It is hard to know at the beginning of the project and the best option will change as the project matures. Therefore we need the architecture to allow us to decide on this later without having to re-build the whole system.
Note that as the decoupling mode becomes more strict, things like component communication, testing and developing a new features become much harder. We should move to stricter decoupling only if it is really needed.
It has become increasingly popular for teams to default to micro-services* since day 1 of a project.
Dealing with distributed systems and network service boundaries is very difficult. This is a waste of effort and resources when there is no good reason to have two uses cases running in different services.
Additionally, the micro-services by default mindset tends to make people think that the vertical layering at the micro-service level is sufficient and internally the micro-services' code are big balls of mud. In reality, it is likely that the internal code also needs some vertical layering.
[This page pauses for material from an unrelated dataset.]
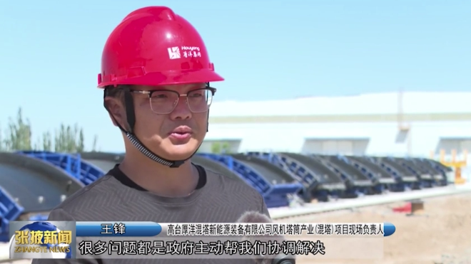 高台厚洋混塔新能源装备有限公司风机塔筒产业(混塔)项目现场负责人 王锋:“工期比较短,任务比较重,很多问题都是政府主动帮我们协调解决,所以我们进展很顺利,接下来我们会全力以赴。”
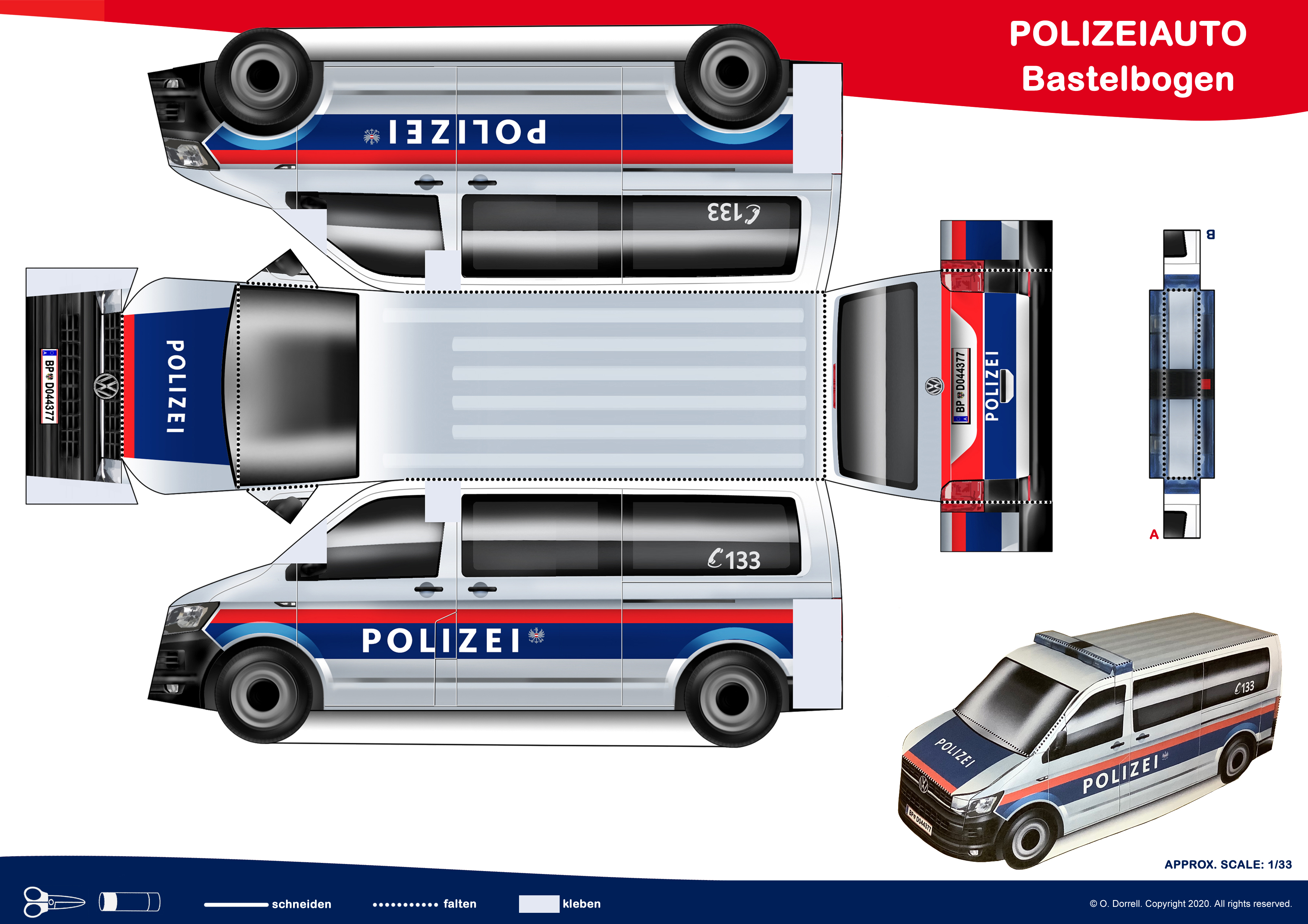 Bastelspiel Polizeiauto zum Herunterladen:

There is nothing intrinsically wrong with a software system that has been architected around the idea of use-case services. Problems arise when teams commit early to a service-level DECOUPLING MODE without really needing it.
Note: in the context of this book, micro-service "architecture" and service-oriented "architecture" are the same thing (they only defer on a vague definition of lines of code per service). Also "architecture" is in quotes because the decision of decoupling at the service level and deploying in different servers is a decoupling mode / topology decision, not an architecture.
See "Are Services Boundaries?" for more tips on how to architect the relationships between boundaries.
See Chapter 27 - Services: Great and Small for a more extended discussion about Service Oriented "Architectures" and Microservices.
His preferred strategy is to push decoupling up to the point where service-level decoupling could be performed without too much effort only if it became necessary.
Initially all the code lives in one project, separated by source code level decoupling. This makes interaction between components easy via direct method calls. This may be sufficient for the whole lifetime of the project.
If deployment or development issues arise, he extracts whatever use cases are causing the issue to deployment-level decoupling to fix the issues.
If performance operational issues appear, he carefully chooses which components to turn into services.
Overtime, if performance needs reduce, he reverts the service-level decoupling to deployment or even source code level.
Changing decoupling modes is tricky and Uncle Bob is NOT advocating for systems that can run in any decoupling mode just by changing a configuration. The point he is making is that the architecture should make the changes of decoupling mode possible in both direction (simple to complex and complex to simple).
Some of those lines are drawn very early in a project’s life—even before any code is written. Others are drawn much later. Those that are drawn early are drawn for the purposes of deferring decisions for as long as possible, and of keeping those decisions from polluting the core business logic.
What makes a software difficult to maintain? Coupling, especially coupling to premature decisions.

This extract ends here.